STORED DATA below:

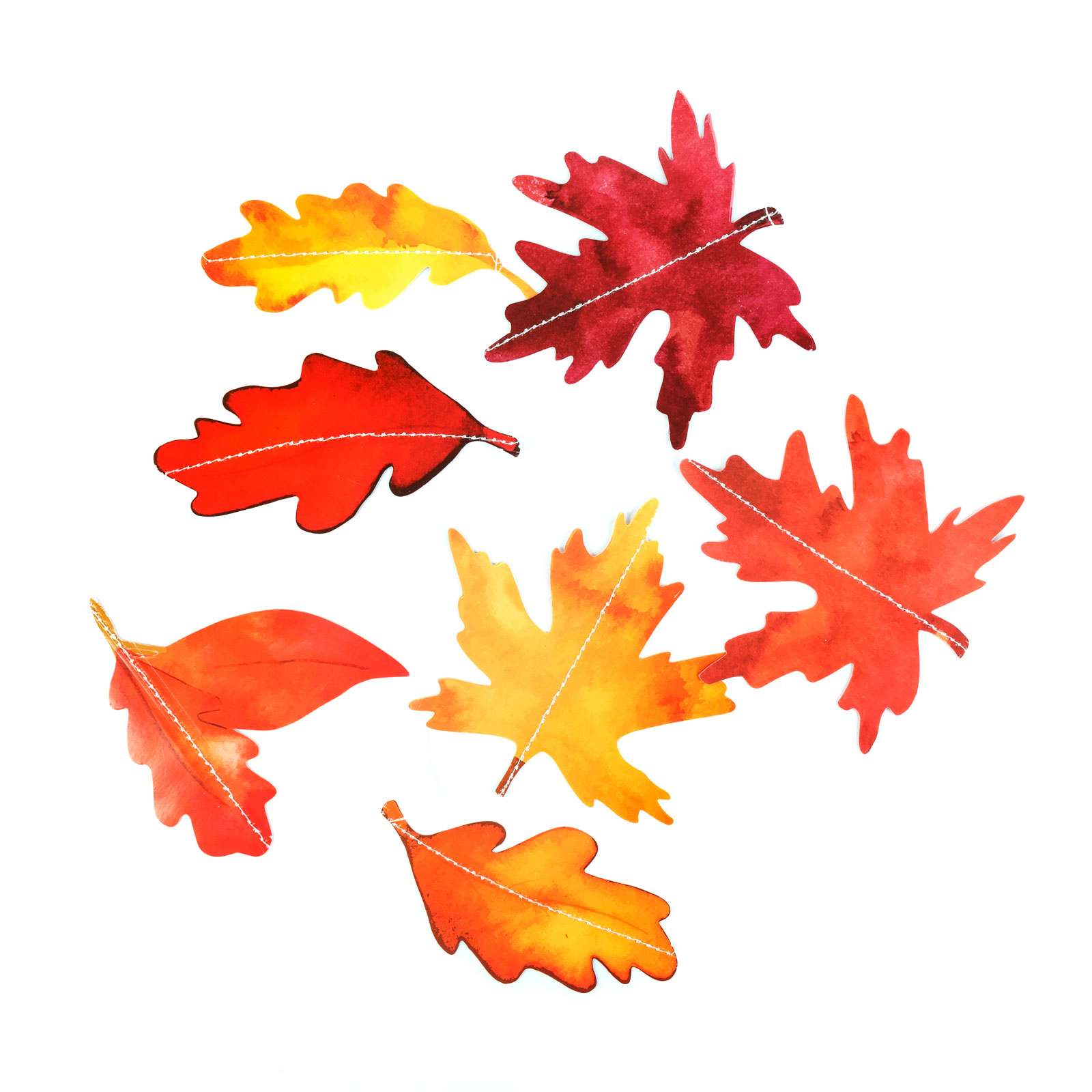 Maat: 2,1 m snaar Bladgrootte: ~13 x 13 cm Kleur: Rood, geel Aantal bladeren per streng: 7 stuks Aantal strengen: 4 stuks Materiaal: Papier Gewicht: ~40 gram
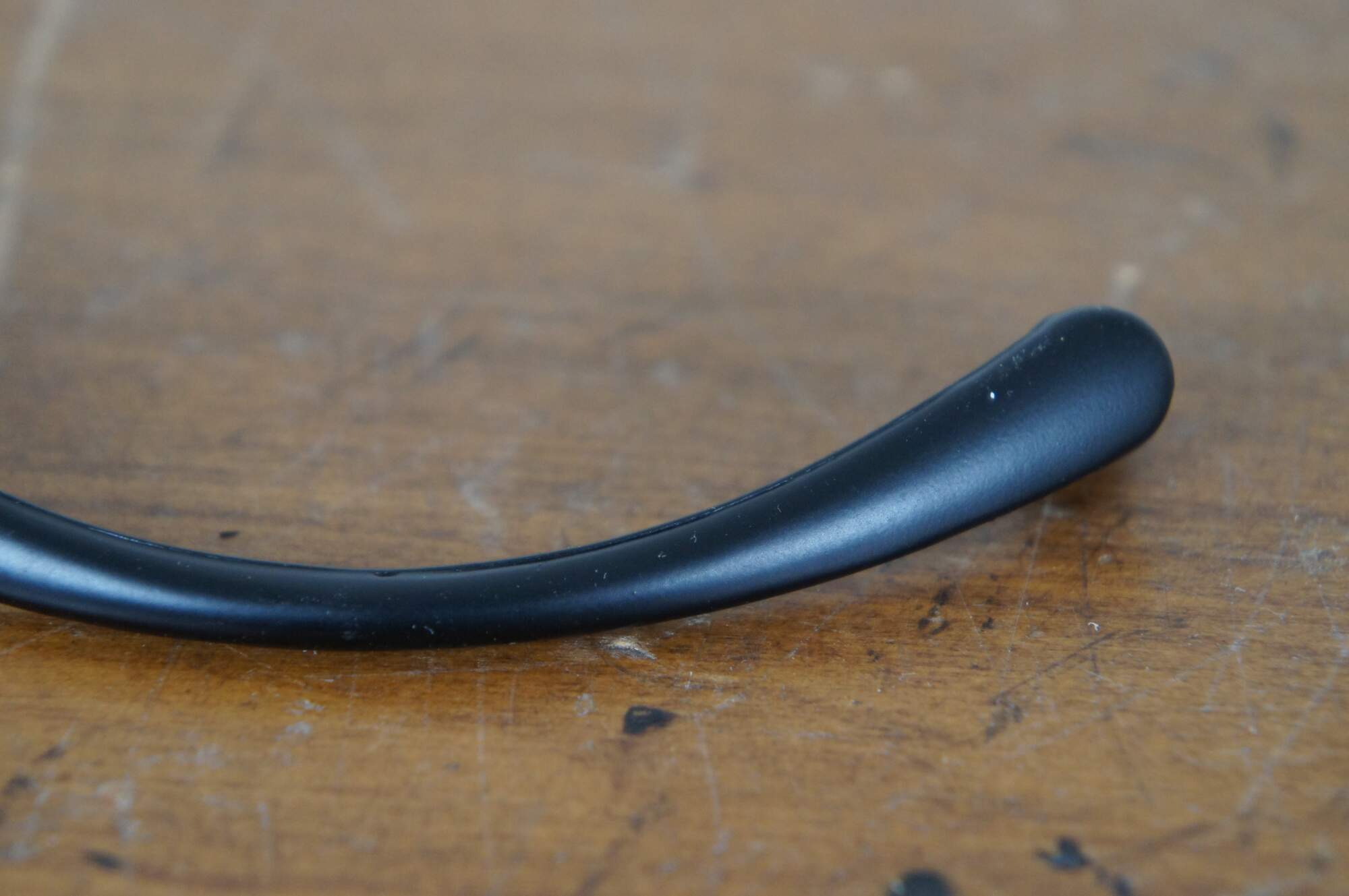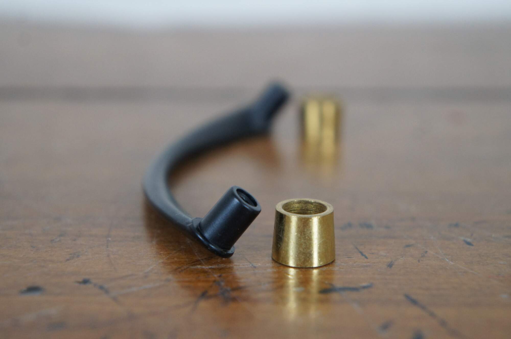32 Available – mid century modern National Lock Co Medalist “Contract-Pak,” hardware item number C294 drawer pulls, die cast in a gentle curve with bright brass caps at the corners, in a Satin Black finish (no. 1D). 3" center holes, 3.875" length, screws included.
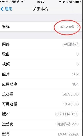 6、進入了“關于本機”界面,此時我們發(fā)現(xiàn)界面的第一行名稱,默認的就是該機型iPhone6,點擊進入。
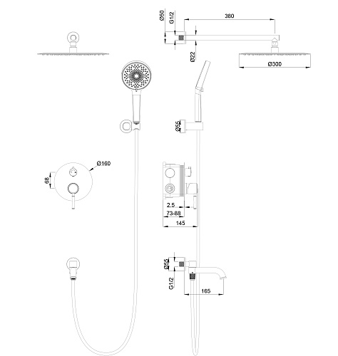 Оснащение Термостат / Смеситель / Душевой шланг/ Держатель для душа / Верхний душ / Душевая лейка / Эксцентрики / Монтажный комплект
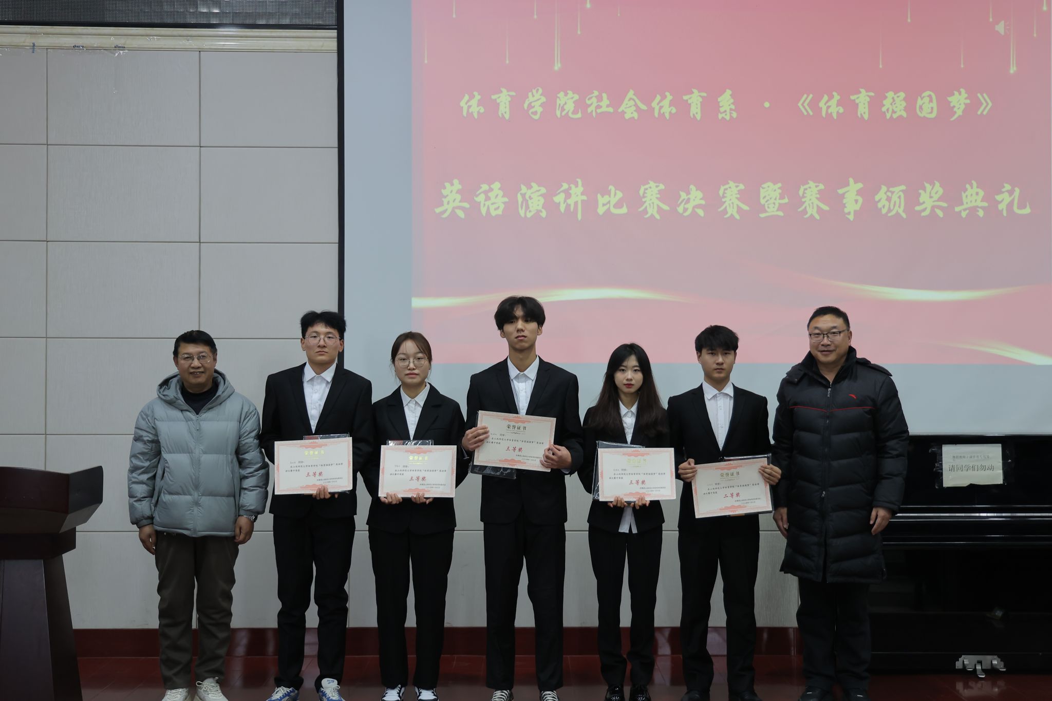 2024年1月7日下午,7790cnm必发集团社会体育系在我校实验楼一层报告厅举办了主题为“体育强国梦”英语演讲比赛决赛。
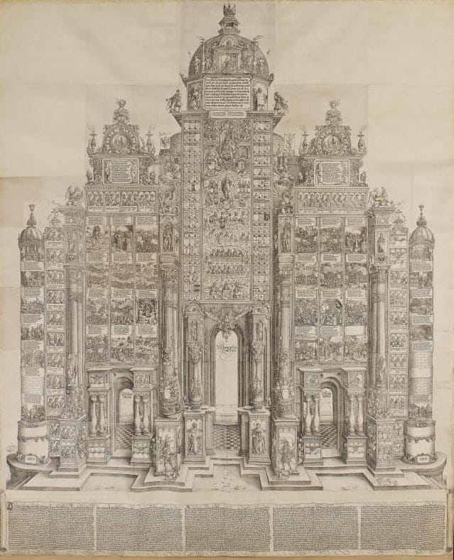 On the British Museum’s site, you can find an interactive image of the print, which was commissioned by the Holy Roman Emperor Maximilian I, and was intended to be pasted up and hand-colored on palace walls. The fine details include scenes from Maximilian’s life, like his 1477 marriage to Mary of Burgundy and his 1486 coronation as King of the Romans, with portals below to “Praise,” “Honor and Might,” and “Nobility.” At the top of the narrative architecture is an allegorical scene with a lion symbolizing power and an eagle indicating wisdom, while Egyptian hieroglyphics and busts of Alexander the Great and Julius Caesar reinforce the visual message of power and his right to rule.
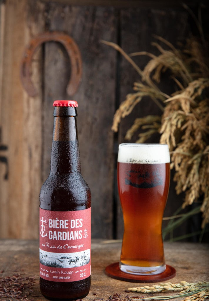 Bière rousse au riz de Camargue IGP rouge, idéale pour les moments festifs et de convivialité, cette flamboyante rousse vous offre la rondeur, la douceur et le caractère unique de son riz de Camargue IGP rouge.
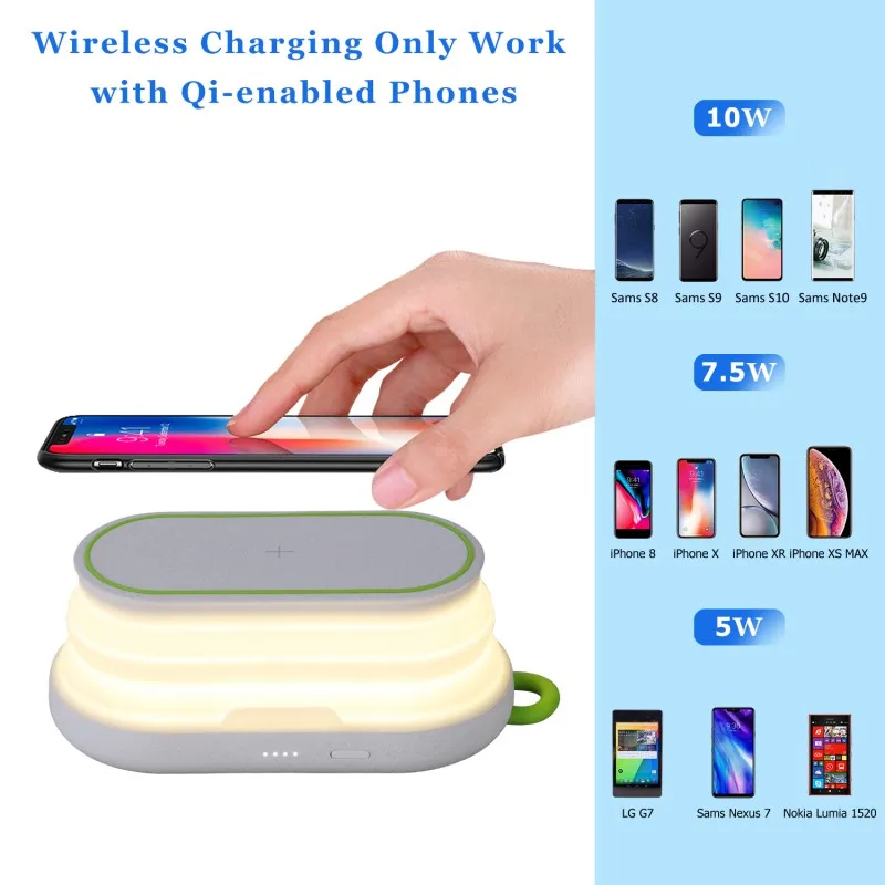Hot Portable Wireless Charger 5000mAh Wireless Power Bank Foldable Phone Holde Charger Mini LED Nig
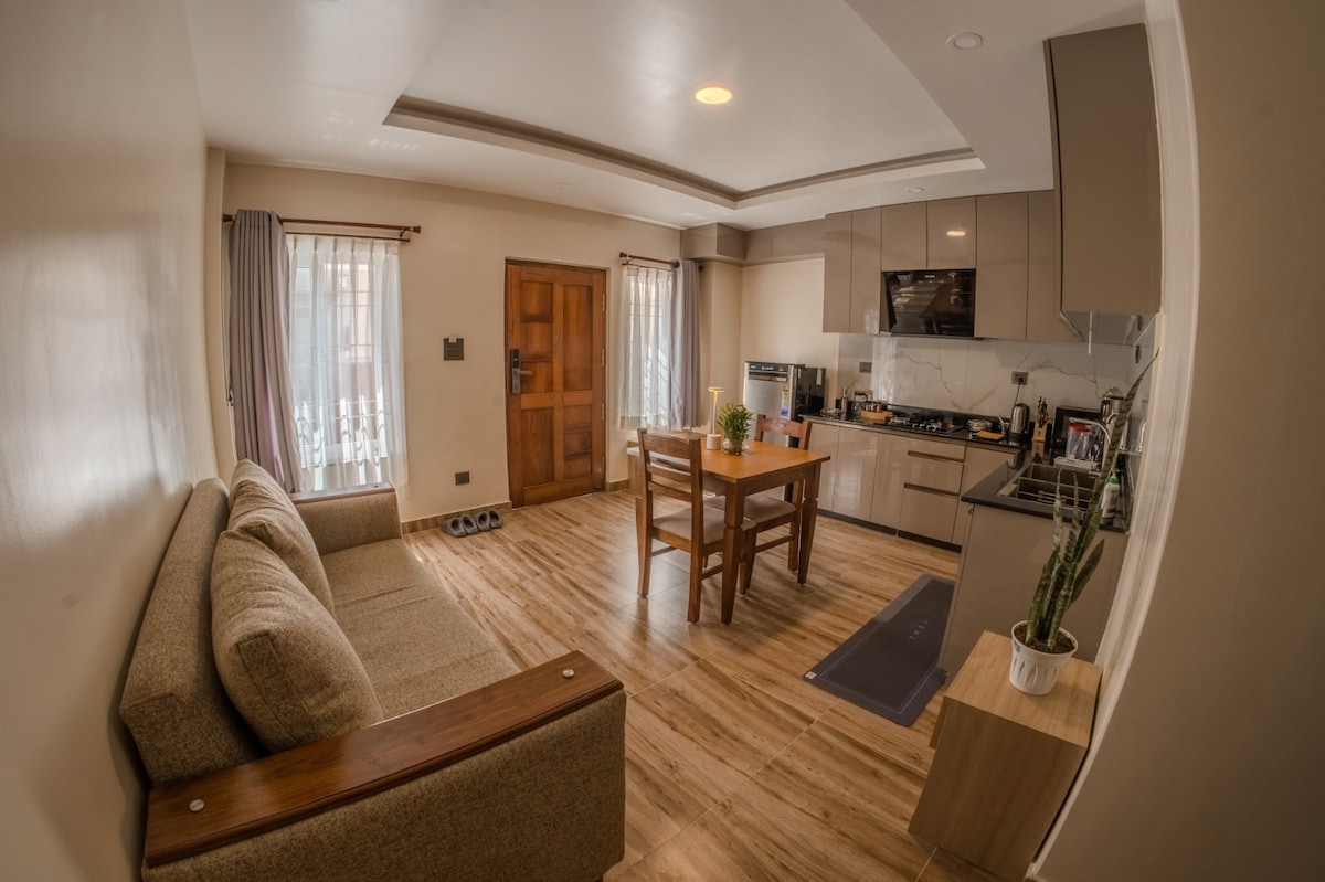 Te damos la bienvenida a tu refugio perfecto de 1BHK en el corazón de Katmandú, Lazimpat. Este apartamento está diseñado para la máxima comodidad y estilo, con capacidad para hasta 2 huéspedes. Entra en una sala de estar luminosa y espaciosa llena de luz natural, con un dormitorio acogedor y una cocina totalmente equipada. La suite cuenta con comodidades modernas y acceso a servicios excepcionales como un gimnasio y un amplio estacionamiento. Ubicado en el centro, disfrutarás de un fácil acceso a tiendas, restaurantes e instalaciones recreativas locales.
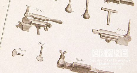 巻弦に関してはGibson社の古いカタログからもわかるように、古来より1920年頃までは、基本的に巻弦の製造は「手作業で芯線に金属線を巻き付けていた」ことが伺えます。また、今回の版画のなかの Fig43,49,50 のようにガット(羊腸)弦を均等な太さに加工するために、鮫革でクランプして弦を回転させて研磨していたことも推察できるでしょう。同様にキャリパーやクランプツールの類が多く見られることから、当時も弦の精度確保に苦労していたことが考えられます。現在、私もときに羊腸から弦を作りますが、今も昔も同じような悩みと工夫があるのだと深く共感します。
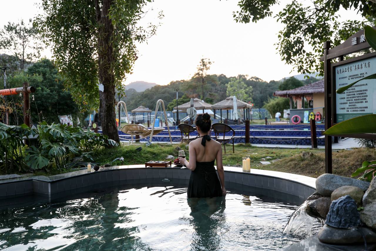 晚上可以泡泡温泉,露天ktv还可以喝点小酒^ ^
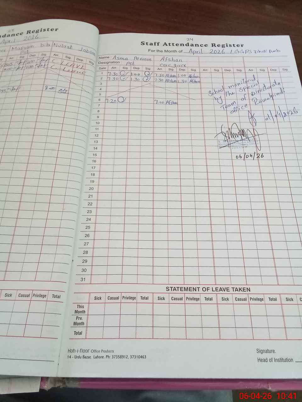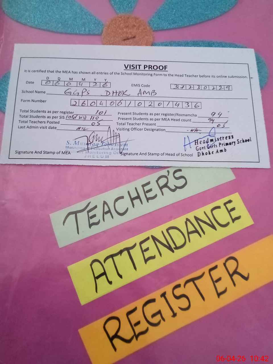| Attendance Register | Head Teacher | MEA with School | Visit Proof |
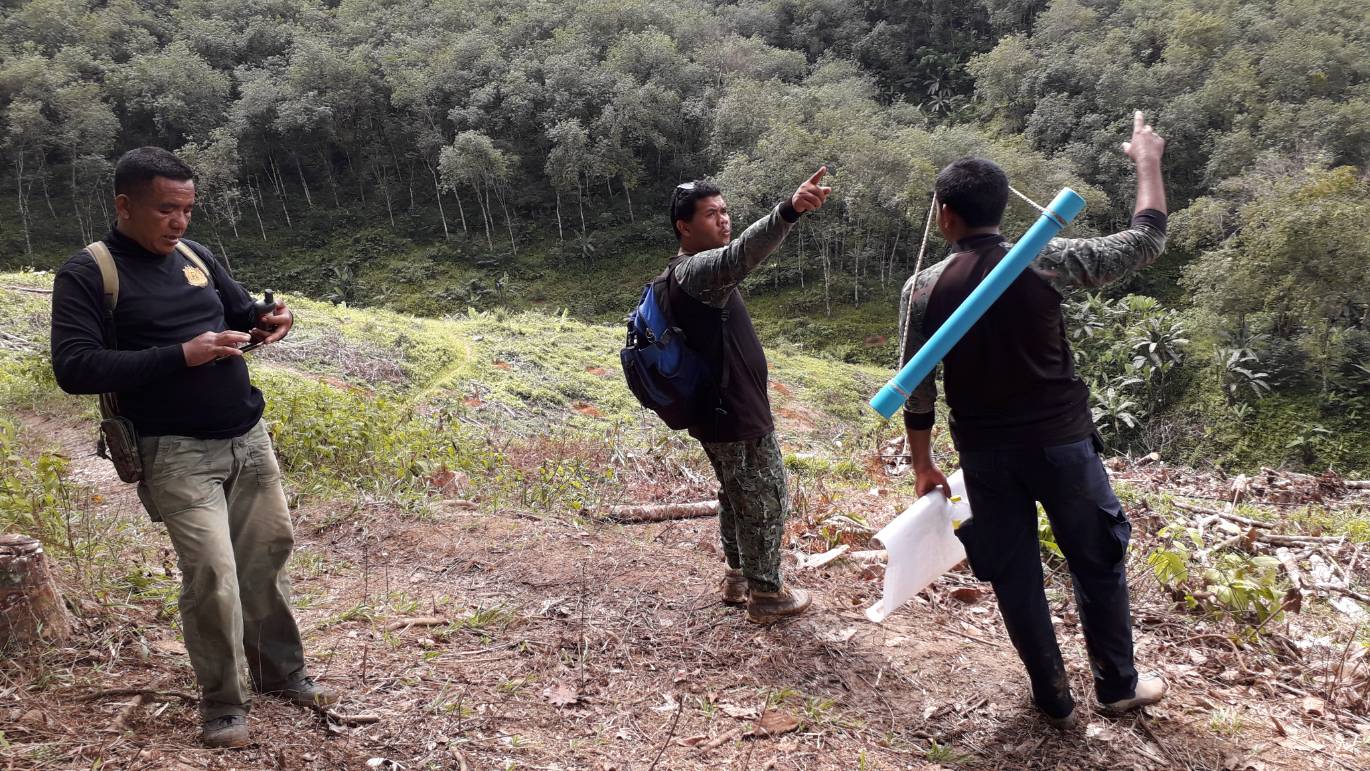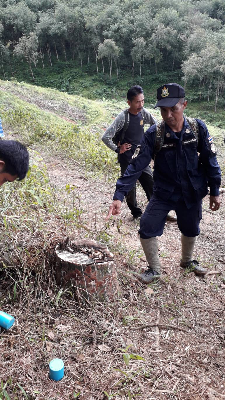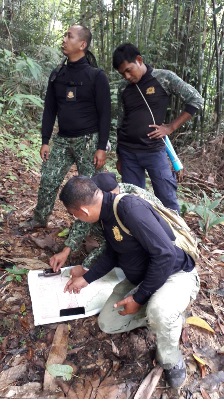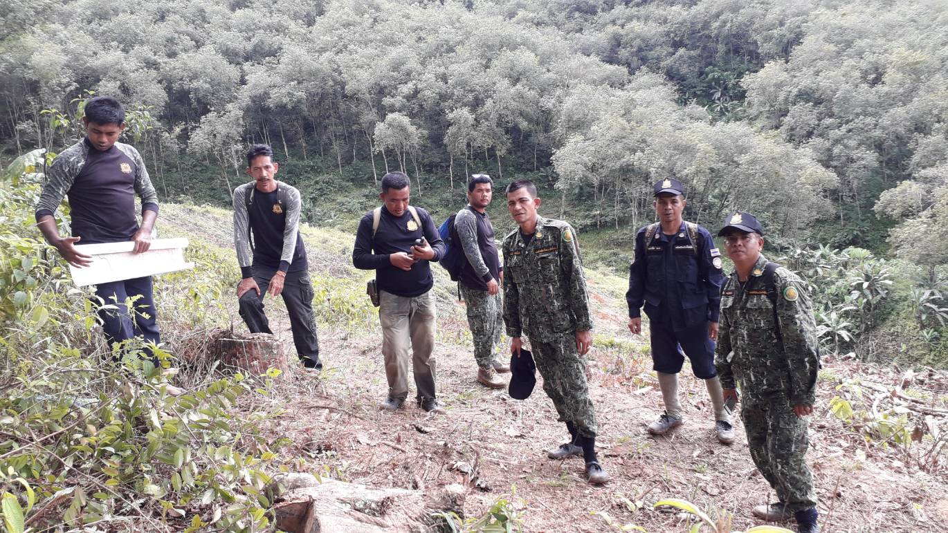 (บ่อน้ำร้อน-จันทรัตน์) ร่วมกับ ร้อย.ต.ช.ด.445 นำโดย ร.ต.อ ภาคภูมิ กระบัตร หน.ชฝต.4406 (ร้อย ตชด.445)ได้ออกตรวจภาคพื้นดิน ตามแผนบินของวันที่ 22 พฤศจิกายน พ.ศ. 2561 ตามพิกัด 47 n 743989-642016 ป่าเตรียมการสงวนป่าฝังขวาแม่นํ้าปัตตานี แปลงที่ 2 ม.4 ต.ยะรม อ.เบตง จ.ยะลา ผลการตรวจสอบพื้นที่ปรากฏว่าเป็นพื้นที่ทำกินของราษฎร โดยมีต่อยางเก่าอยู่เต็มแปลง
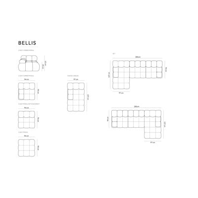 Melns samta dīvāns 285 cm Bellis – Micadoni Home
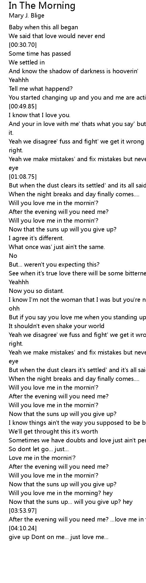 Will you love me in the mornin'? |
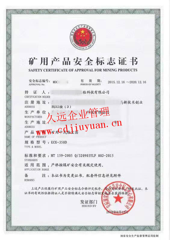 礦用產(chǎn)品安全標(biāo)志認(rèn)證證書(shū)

End of STORED DATA.

#### [ACTIVITY]
Leave the pictures out, and restate exactly the lines from the start of the records through the one that contains "2024年1月7日下午,77".

#### [TASK OUTPUT]
 Maat: 2,1 m snaar Bladgrootte: ~13 x 13 cm Kleur: Rood, geel Aantal bladeren per streng: 7 stuks Aantal strengen: 4 stuks Materiaal: Papier Gewicht: ~40 gram
32 Available – mid century modern National Lock Co Medalist “Contract-Pak,” hardware item number C294 drawer pulls, die cast in a gentle curve with bright brass caps at the corners, in a Satin Black finish (no. 1D). 3" center holes, 3.875" length, screws included.
 6、進入了“關于本機”界面,此時我們發(fā)現(xiàn)界面的第一行名稱,默認的就是該機型iPhone6,點擊進入。
 Оснащение Термостат / Смеситель / Душевой шланг/ Держатель для душа / Верхний душ / Душевая лейка / Эксцентрики / Монтажный комплект
 2024年1月7日下午,7790cnm必发集团社会体育系在我校实验楼一层报告厅举办了主题为“体育强国梦”英语演讲比赛决赛。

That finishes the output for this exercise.